My predictions are looking pretty reasonable, maybe a bit underconfident in AI progress.
70% probability: A team of 3 top research ML engineers with fine-tuning access to GPT-4o (including SFT and RL), $10 million in compute, and 1 year of time could use GPT-4o to surpass typical naive MTurk performance at ARC-AGI on the test set while using less than $100 per problem at runtime (as denominated by GPT-4o API costs).
With $20 per task, it looks like o3 is matching MTurk performance on the semi-private set and solving it on the public set. This likely depended on other advances in RL and a bunch of other training, but probably much less than $10 million + 3 top ML researchers + year was dedicated to ARC-AGI in particular.

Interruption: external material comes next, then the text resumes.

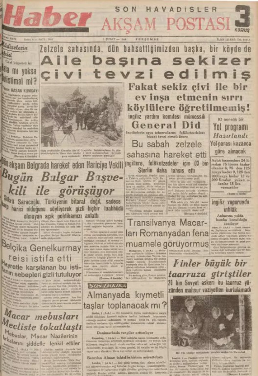 Erzincan depreminde yaklaşık 1 ay sonra 1 Şubat 1940 tarihinde yayınlanan gazetelerde CHP hükümetinin depremzedelere aile başına 8 çivi verdiği yazıldı.
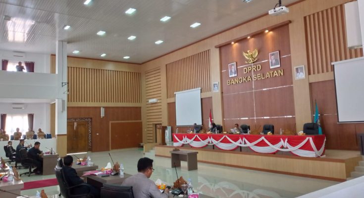 BANGKA SELATAN, KOPPINEWS.ID – Rapat Paripurna DPRD Kabupaten Bangka Selatan dalam rangka Penyampaian Raperda tentang Pajak Daerah dan Retribusi Daerah, Rencana Tata Ruang Wilayah Tahun 2023-2043. Kemudian, Rapat Paripurna Pengambilan Keputusan Raperda tentang Tata Cara Penyelenggaraan Cadangan Pangan, Penanggulangan Penyakit Menular, Penetapan Hari Jadi Kota Toboali, Penyelenggaraan Ketertiban Umum dan Ketentraman Masyarakat serta Perlindungan Masyarakat. Di Ruang Paripurna Junjung Besaoh DPRD Kab. Bangka Selatan (Basel), Kepulauan Bangka Belitung (Babel) Senin (11/9/2023).

I wasn’t expecting OpenAI to specifically try on ARC-AGI, so I wasn’t expecting this level of performance this fast (and I lost some mana due to this).
35% probability: Under the above conditions, 85% on the test set would be achieved. It’s unclear which humans perform at >=85% on the test set, though this is probably not that hard for smart humans.
Looks like o3 is under this, even with $100 per problem (as o3 high compute is just barely over and is 172x compute). Probably I should have been higher than 35% depending on how we count transfer from other work on RL etc.
80% probability: next generation multi-model models (e.g. GPT-5) will be able to substantially advance performance on ARC-AGI.
Seems clearly true if we count o3 as a next generation multi-model model. Idk how we should have counted o1, though I also think this arguably substantially advanced performance.
I bet o3 does actually score higher on FrontierMath than the math grad students best at math research, but not higher than math grad students best at doing competition math problems (e.g. hard IMO) and at quickly solving math problems in arbitrary domains. I think around 25% of FrontierMath is hard IMO like problems and this is probably mostly what o3 is solving. See here for context.
Quantitatively, maybe o3 is in roughly the top 1% for US math grad students on FrontierMath? (Perhaps roughly top 200?)